__Task goal__
With the images removed, return every line below exactly as it reads.

__Supplied information__
***

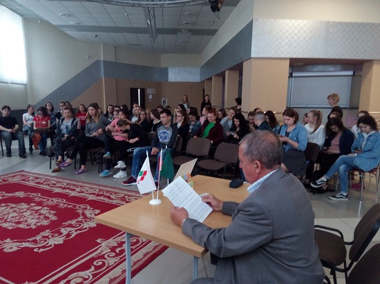 Встреча была насыщенной и интересной, студенты принимали активное участие в работе круглого стола. Состоялась демонстрация презентаций «Государственный гимн Республики Беларусь» и «Государственный флаг Республики Беларусь».
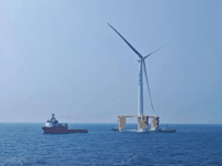 “三峡领航号”是我国自主研发的单机容量最大、技术集成度最高的漂浮式海上风电机组,搭载半潜式浮式基础平台,平台总长约80.85米、型宽91.04米,总重约7530吨。
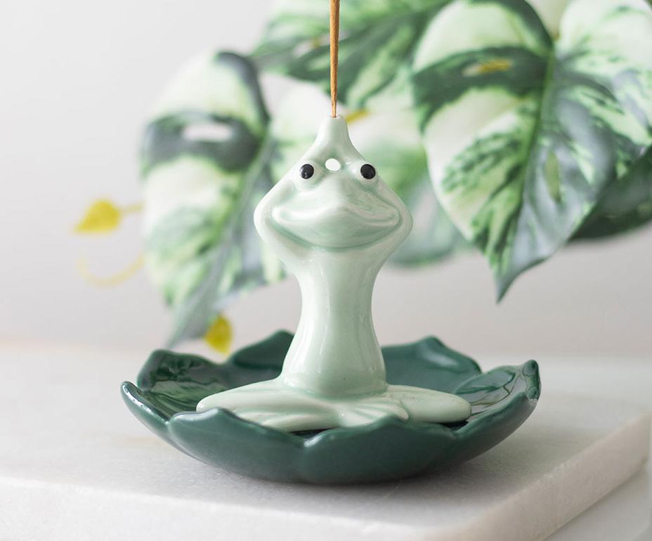 Calm the nerves and realign your chakras with this ceramic incense holder shaped like a yogi frog. Seated in a sukhasana pose in a green lotus flower, this holder will look charming on a side table or nightstand while catching falling ash. Sandalwood incense sticks included. Height 3.5” (9cms). Ref. G202358 £12.99

***

__Solution to this task__
 Встреча была насыщенной и интересной, студенты принимали активное участие в работе круглого стола. Состоялась демонстрация презентаций «Государственный гимн Республики Беларусь» и «Государственный флаг Республики Беларусь».
 “三峡领航号”是我国自主研发的单机容量最大、技术集成度最高的漂浮式海上风电机组,搭载半潜式浮式基础平台,平台总长约80.85米、型宽91.04米,总重约7530吨。
 Calm the nerves and realign your chakras with this ceramic incense holder shaped like a yogi frog. Seated in a sukhasana pose in a green lotus flower, this holder will look charming on a side table or nightstand while catching falling ash. Sandalwood incense sticks included. Height 3.5” (9cms). Ref. G202358 £12.99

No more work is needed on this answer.